# TASK DETAILS
For this exercise, copy exactly every line from the one holding "Power shuttle Easily" through the end of the data, both included. Omit pictures.

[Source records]
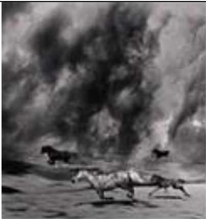
Loretta Young-Gautier American, b. 1960 Running from the Storm, 2000 gelatin silver print, AP 4 image-sheet: 16 x 15 7/8 in. (40.6 x 40.3 cm) mount: 24 x 20 in. (61 x 50.8 cm) SBMA, Gift of Loretta Young-Gautier
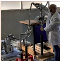
HIP-cans loading HIP-cans closing
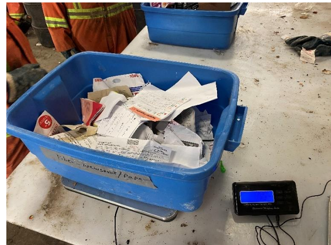
Photo 68: Fiber – Newspaper/ Paper bin sorted from HRM collection area 9. Photo taken May 19, 2022 during waste audit.
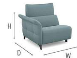
Dimensions W x H x D kg net / pcs / vol
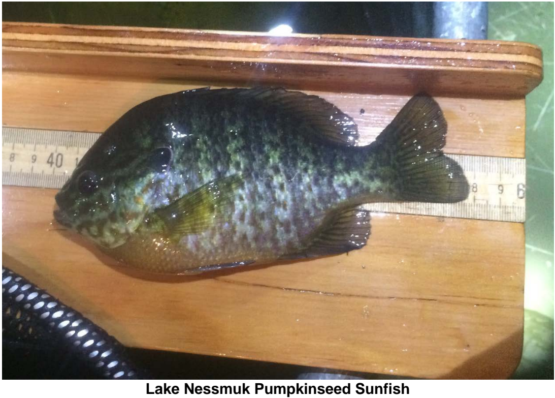
Lake Nessmuk Pumpkinseed Sunfish

Zachary Salada Area 3 Fisheries Biologist Aide
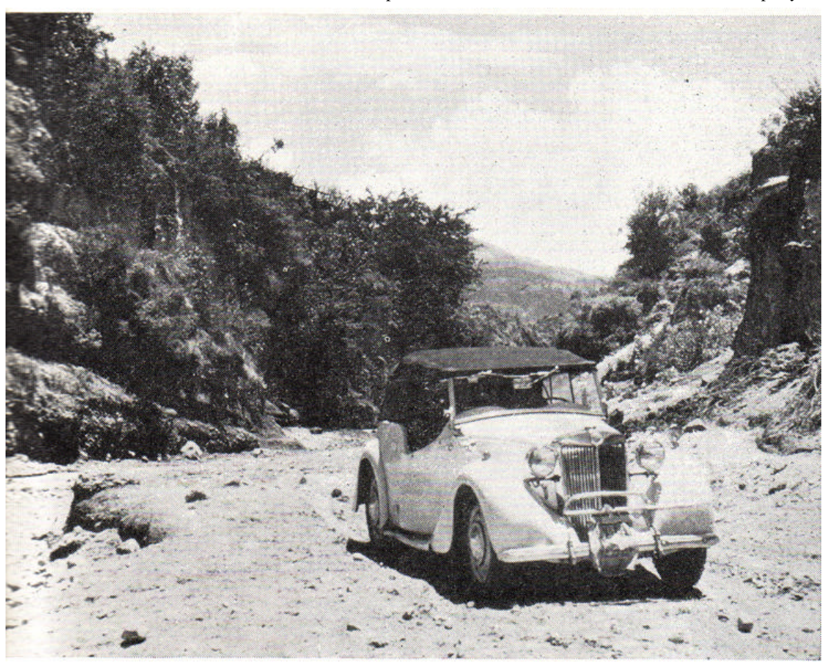
This was easy stuff: after their adventures on the mountainside, the trio (plus Pepi) had a nice dry river bed to take them towards Zaragosa.

A steep incline sloped to the shores of the lake, and we made the descent running, jumping and sliding in the soft lava ash. A roofless dwelling and metal crosses with inscriptions gave evidence of former habitation. Barrenness and silence engulfed us; not even the cry of a bird interrupted. It was an eerie place and we skirted the lake rapidly. As
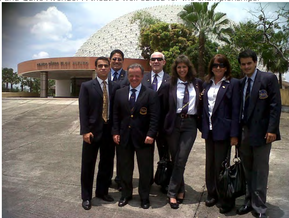
Eloy Alfaro Theater – Finals venue site – Inspection visit

The Finals will take place in the beautiful theatre "Teatro Centro Civico Eloy Alfaro", located on Bolivia Street and Quito Avenue. A theatre well suited for the championships.
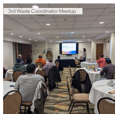
3rd Waste Coordinator Meetup

"I loved it, got a lot of insight on how waste management should work."
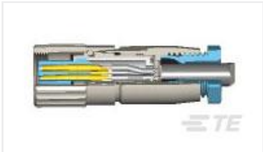
TE Part #3-1437719-0 T01-0550-S03-FEMALE PLUG CONNECTOR SOLDE
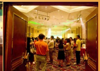
Warm talk and joyful faces in the Gala
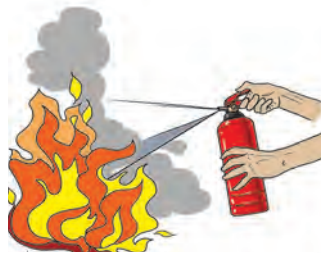
4.7 : Remedial and preventive measures
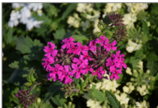
Homestead Hot Pink Verbena flowers
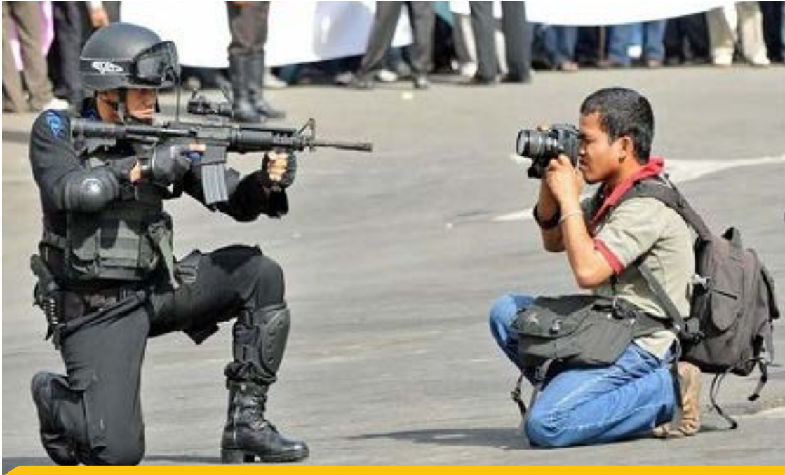
Press photographer at a demonstration
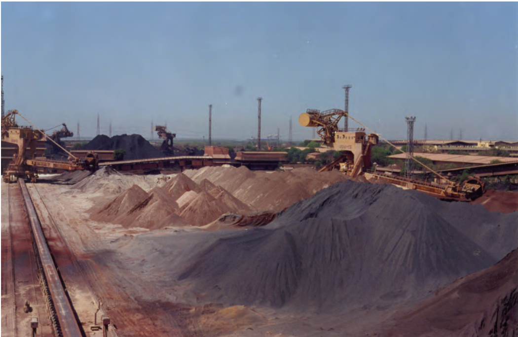
Photograph C for Question 4
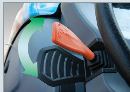
Power shuttle Easily change from forward or reverse with a simple flick of a lever without depressing the clutch pedal.
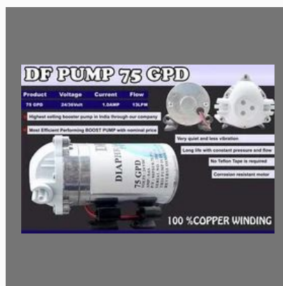
Dow Flow RO Pump

# EXERCISE OUTPUT
Power shuttle Easily change from forward or reverse with a simple flick of a lever without depressing the clutch pedal.
Dow Flow RO Pump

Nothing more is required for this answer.